CPTnet
1 February 2005
IRAQ: A tale of two elections
by Allan Slater
The Canadian election on 30 January was successful. Voting across the
prairies proceeded with few problems meeting the high standards of the
European Union election monitors. The turnout ranged from 50% to 90% in
some polling places. The total ban on road traffic made walking to polling
places safe for everyone.
No one voted in Vancouver because the election workers had all resigned.
They were afraid of resistance fighters targeting them.
In Toronto, the country's largest city, some estimate that 65% of those
eligible turned out to vote even though thirteen suicide bombers attacked
polling places and voters across the city. Scores of people died and many
more were injured. In the 905 area outside the city unrest made opening
polling places there impossible, but special polling stations were set up in
Toronto for people from that area.
Occupation bombing had reduced the city of Halifax to rubble. The people in
the Maritime Provinces were so angry that no election could be held there.

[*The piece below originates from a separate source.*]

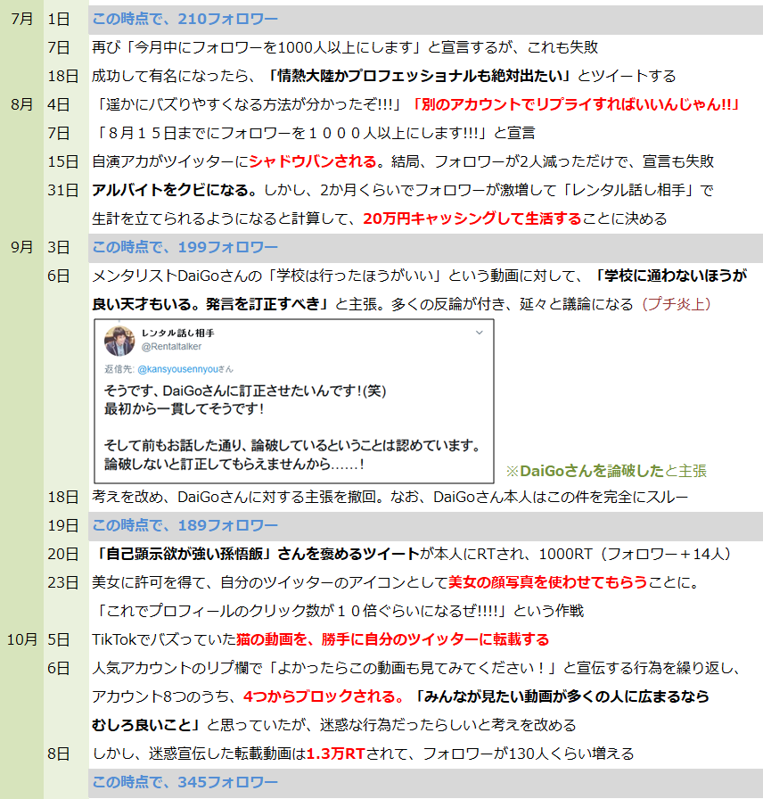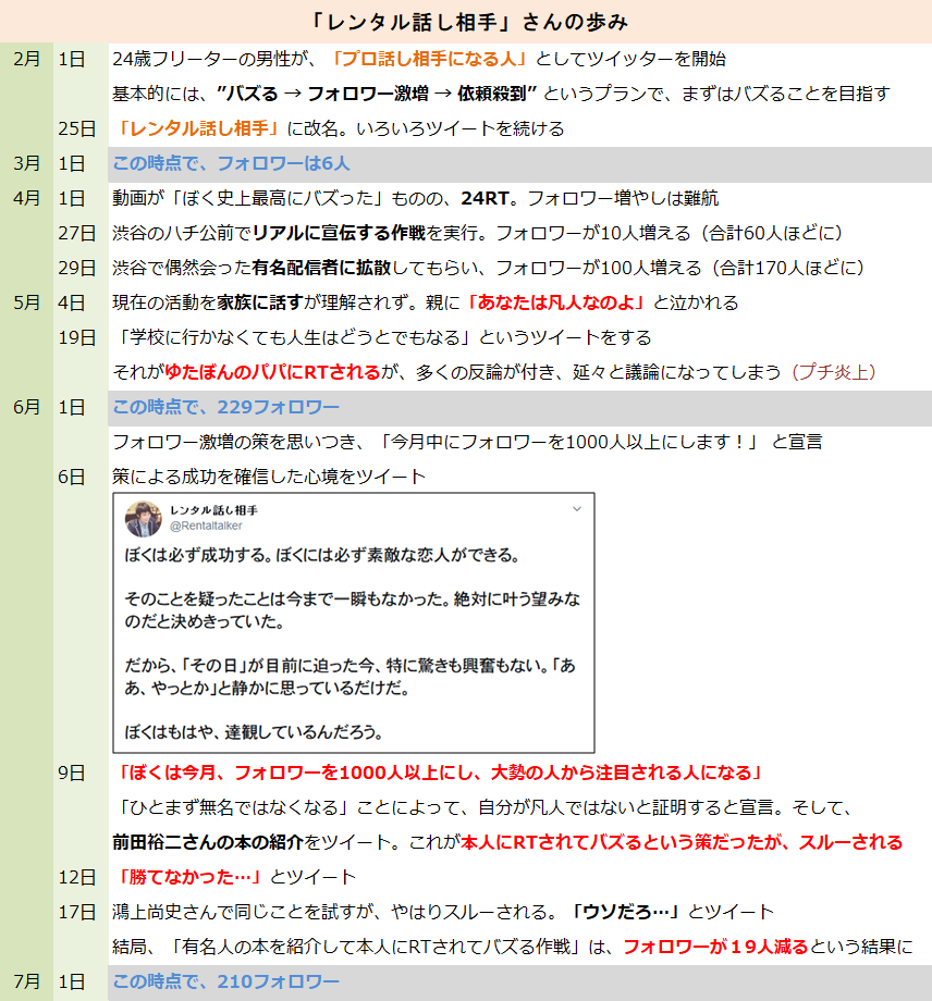 時給1万円でヒモになりますと150人の女性にDMを送って全部断られた件などは、若さと全能感が良い感じです twitter.com/Rentaltalker/s…

An unconfirmed report said that fifty refugee families from Halifax living
in a camp in Quebec had voted.
Strangely enough a similar election was held in Iraq on the same day.
Voting went well in the north and south of the country. Voters had to walk
to the polls because only police vehicles were allowed on the roads. Those
in power declared the election a success. No voting had occurred in Mosul,
the country's third largest city. U.S. bombers had turned the city of
Fallujah into rubble. The citizens of Anbar Province were so angered by the
destruction of Fallujah that no election could be held in that region.
Voting took place in Baghdad in spite of the suicide bombings. People
from the "triangle of death" south of the city were invited in to Baghdad
to vote but few, if any, did so.
The results of this Iraqi election will be announced in two weeks.